Though using this same IEEE standard, you may get the same solution as described on the page associated to this talk (or NaN). However, I don't think that Taylor's theorem is defined on affinely extended real numbers. — Preceding unsigned comment added by Wouterbu (talkcontribs) 11:03, 30 April 2013 (UTC)

You should read http://en.wikipedia.org/wiki/Archimedean_property where it says "In the axiomatic theory of real numbers, the non-existence of nonzero infinitesimal real numbers is implied by the least upper bound property". Usually in calculus +0 does not exists. +0 exists in "non standard analysis" but that is quite esoteric, never taught in calculus 101 . Moreover IEEE standard is not a good reference to understand how the mathematical real line works. Mennucc (talk) 11:59, 30 April 2013 (UTC)

Actually, +0 is not a positvive number in the IEEE floating point standard. +0 > 0 (0 is either +0 or -0) is false.

Indeed, it is not a good reference anyway. I think that I will read the article about the Archimedian property when I have time.

Every infinitesimal is 0 in span.
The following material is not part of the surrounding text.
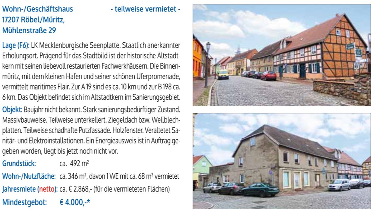spannendes Bieterrennen. Das Wohn- und Geschäftshaus in der Mühlenstraße 29 in Röbel hatte ein Mindestgebot von 4000 Euro, verkauft wurde es für 48 000 Euro,

However, there are different kinds of 0. Not all infinitesimals have the same span. This is because there can be a ratio difference right. dy/dx for example may be unequal to 1. Both dx and dy are 0 spanned infintesimals.

Currently I am under the impression that I do understand. Yesterday I found this:

http://en.wikipedia.org/wiki/Ordinal_number#Ordinals_extend_the_natural_numbers (Again without having read everything.)

Is it a good idea to look at unit infinitesimal as ${\displaystyle {\frac {1}{\omega }}}$? According to another wikipedia page, Leibniz used the definition ${\displaystyle {\frac {1}{\infty }}}$. — Preceding unsigned comment added by 62.131.60.88 (talk) 12:08, 1 May 2013 (UTC)

Having read (part of the article), I am now convinced that my critisicm was wrong. The Archimedean property makes sense. No need to use big infinite like numbers. I have misinterpreted the axiomatization of Tarski. It is only allowed to apply the a rule finitely many times and not infinite. Just as $\infty$ is not a member of the real set, neither is ${\displaystyle {\frac {1}{\infty }}}$. The real set is a field. If ${\displaystyle 1/\infty }$ would be an element of the real set and if ${\displaystyle {\frac {1}{\infty }}\neq 0}$, then ${\displaystyle \infty }$ would also be an element of the real set, thus leading to a contradiction.